Это ощущение дурманило настолько, что он позволял любые вольности, и упивался тем, что стоило едва наметить еле ощутимое объятье, как она готова была прижиматься со всей силы; стоило чуть задержаться взглядом, и она сейчас же подставляла умилительно довольное лицо и взглядом требовала поцелуя, чтобы с каждым разом отвечать уверенней, напористей.

Орьяна и теперь увидела в его улыбке добрый знак, и, осмелев в конец, сама полезла его целовать и прижиматься крепче; пальцы мяли толстую ткань стеганки.
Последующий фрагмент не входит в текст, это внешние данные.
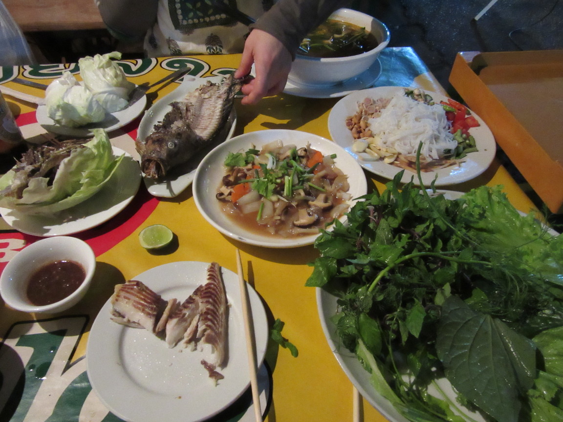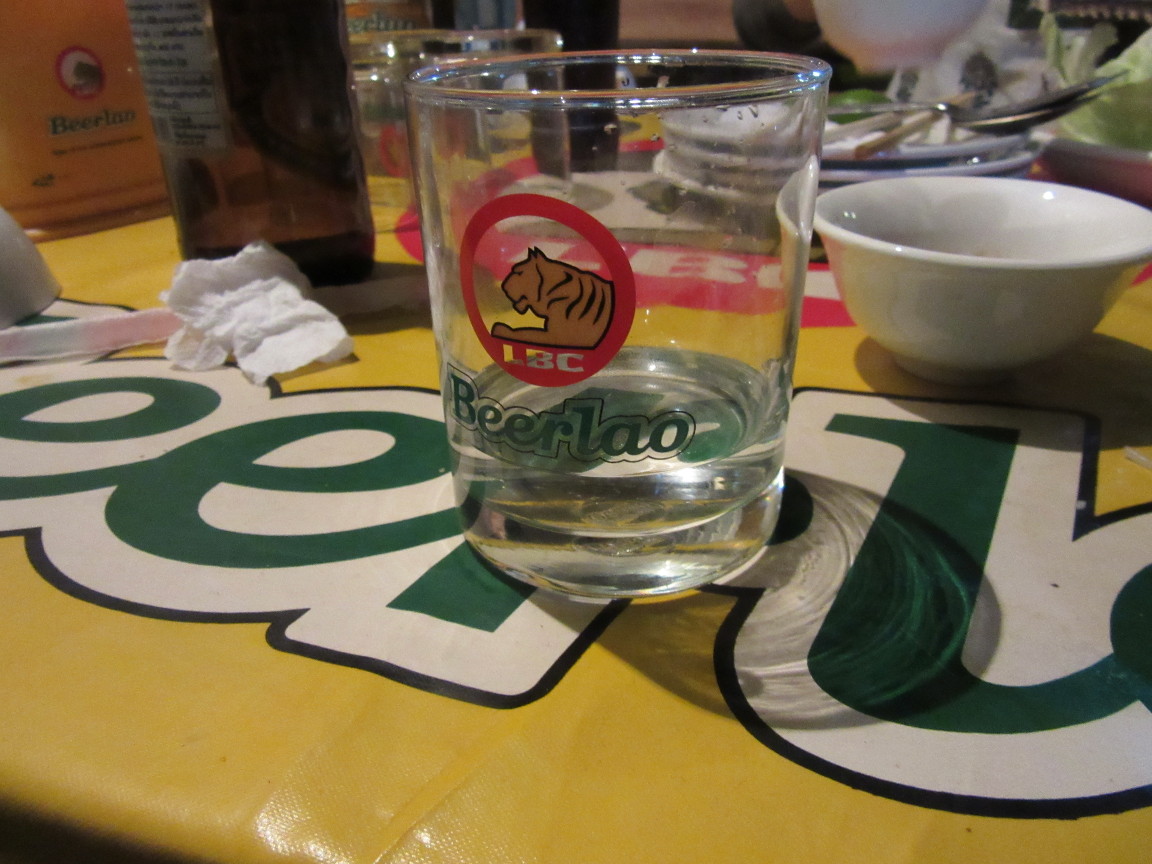 Der Fisch war deliziös. Allerdings kam mit dem Fisch auch eine Platte mit Salatvariationen. Laut Kellner wickelt man in ein grosses grünes Blatt ein Stück Fisch und garniert das mit Beilagen (Knofi, Erdnuss, Nudeln, Passionsfrucht, Minze, Sprossen etc.). Und wer schonmal unterwegs war kennt den alten Spruch. „Cook it, peel it or forget it“. Bart war aber in Abenteuerlaune, konnte das Kilo Grünzeug (inkl. eines halben Weisskohls) nicht liegen lassen und mutierte ob dieser Herausforderung zum Danger Seeker. Immer nei mit! Zum Glück blieb dieses Abenteuer ohne Folgen! Ach ja, unseren ersten laoalo haben wir auch getrunken. Lecker Snapsi!
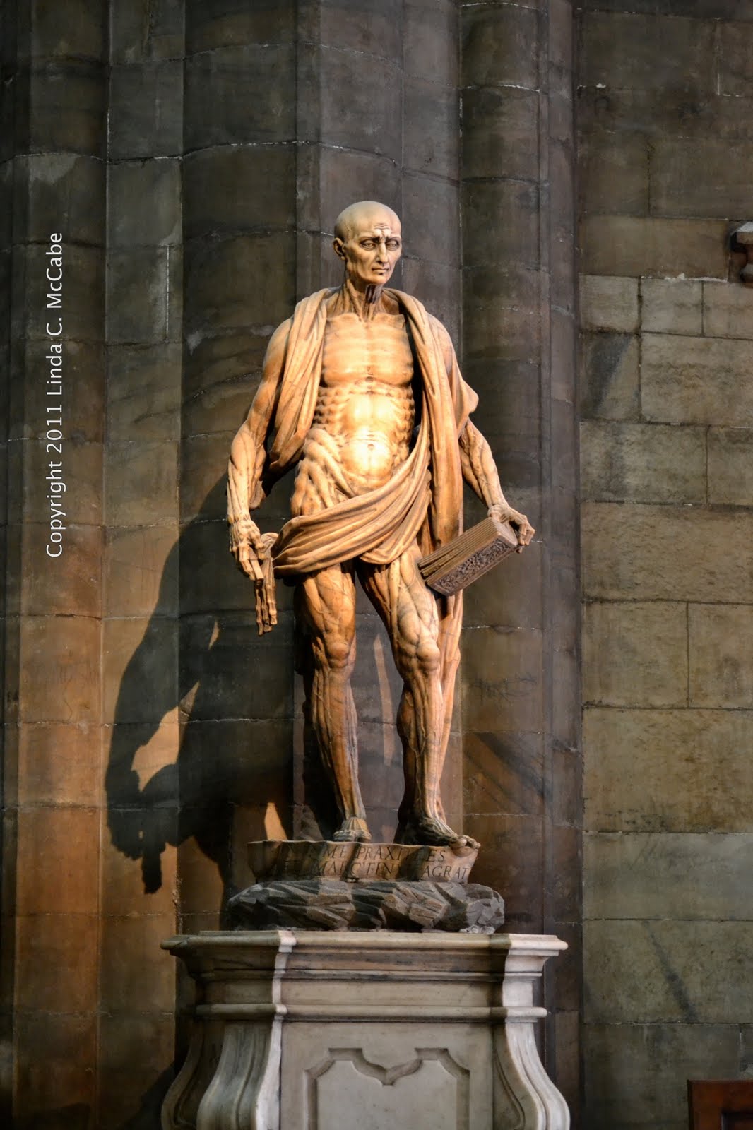 St. Bartholomew statue Duomo: http://1.bp.blogspot.com/-e4KglOQz_YY/TpSZV147dJI/AAAAAAAAFww/NlApP8L0T-I/s1600/Flayed%2Bsaint.jpg

Та плохо поддавалась, и тогда руки как будто сами отыскали пуговицы и запутались в петлях.

Он первый не сдержался — хрипло выдохнул сквозь поцелуй и резко затянул ее на мятую перину, навис сверху. У Орьяны в широко распахнутых глазах на месте мшистой искорки остался только лишь зрачок, широкий до того, что почти спрятал цвет. В нем смутным бликом трепыхался свет и отражал мелкую дрожь ресниц.

Йергерт коснулся пальцами ее щеки и прочертил под глазом полумесяц зелени айну, что повторял глазницу, повел ниже, по скуле и к впадинке под ней, где кожа была совсем нежная, покрытая почти неощутимым пушком волосков. И дальше: челюсть, шея…

Ему не стоило усилий представлять на ней узор зеленых веточек, бегущих вниз — и Йергерт кончиками пальцев повел вдоль стоящей перед взглядом линии, спустился до ключиц и будто правда видел самую последнюю и тоненькую жилку, что сбегала в тень под ними. Дернул ворот и раскрыл его, припал губами к впадине, рукой повел по косточке к плечу. Он оторвался только для того, чтобы взглянуть, как далеко расходятся веточки-молнии… и чудом удержал вздох разочарования.

Не с Орьей он мечтал все это сделать.

Только все равно продолжил, будто не было заминки — точно так, как продолжал со всеми остальными каждый раз.

* * *

Йер, пользуясь минуткой и остатками дневного света, разбирала письма. Плотно связанную стопку она бережно хранила под подушкой и порой, когда, как и сейчас, случалось оказаться в одиночестве, касалась пальцами чернил.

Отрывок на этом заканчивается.